Ernest Morris, Willis V. Elliott, Milton Smith, and Charles R. Brock (W. C. Kingsley, of counsel), for defendant in error.

CAMPBELL J.

The action is against two defendants, the Boston-Colorado Coal Company and Addison S. Pratt. The complaint alleges an indebtedness due plaintiff from the coal company for goods and merchandise sold to it, which debt Pratt afterwards assumed and agreed to pay. The record fails to disclose what disposition of the action, if any, was made as against the defendant coal company; but it does show that a judgment by default was rendered against defendant Pratt in a sum approximating $12,000. It is to this judgment that Pratt prosecutes this writ.

A number of errors are assigned to rulings of the trial court which, together with the objections and exceptions thereto, must, under our practice, be preserved by a bill of exceptions to entitle the unsuccessful party to a review thereof by this court. As no authenticated bill of exceptions including such rulings has been filed in this court, we cannot consider them. There is, however, one question presented which is not dependent upon a bill of exceptions, but is included, and has been brought here, in the record proper and falls under the general assignment that the judgment was improperly rendered against plaintiff in error. The resolution of this assignment compels a reversal of the judgment.

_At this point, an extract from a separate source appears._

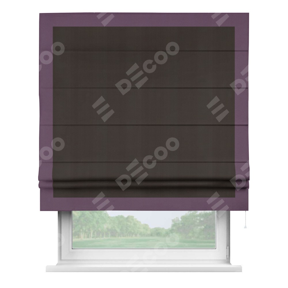 Римская штора производителя «Cortin», используется для проёма, пошита из ткани блэкаут однотонный венге, артикул ткани 88286. Отделка шторы кантом «Чесс», ткань для канта используется из блэкаута однотонного разной расцветки на выбор. Имеет универсальный механизм и подходит для монтажа: на потолок, на стену и в нишу.

August 29, 1905, the defendant coal company filed its verified answer, in which, among other things, it alleged a discharge of the indebtedness sued on before the action was begun. On the following day, August 30th, the default of defendant Pratt was entered, and on September 7th final judgment on the default was rendered against him. The complaint on its face shows that in this action on contract there might have been a judgment against the original debtor, the coal company, and in favor of defendant Pratt. A judgment also might have been rendered against both defendants. There could not, however be a judgment against defendant Pratt unless there was also one against his codefendant, the original debtor. This is so because Pratt's liability, if any, was secondary, not primary, and if the original debtor, the coal company, could not be held, Pratt could not. No argument of such a self-evident proposition could make it plainer than the statement of the proposition itself. The rule of law seems to be well recognized that where an action upon contract is brought against two defendants, and one of them is in default, whose liability hinges upon that of his codefendant whose answer is on file denying the liability, it is improper to render judgment against the defaulting defendant before trial of the issues raised by the answer of the codefendant. The proper course is to await disposition of the trial as to the answering codefendant.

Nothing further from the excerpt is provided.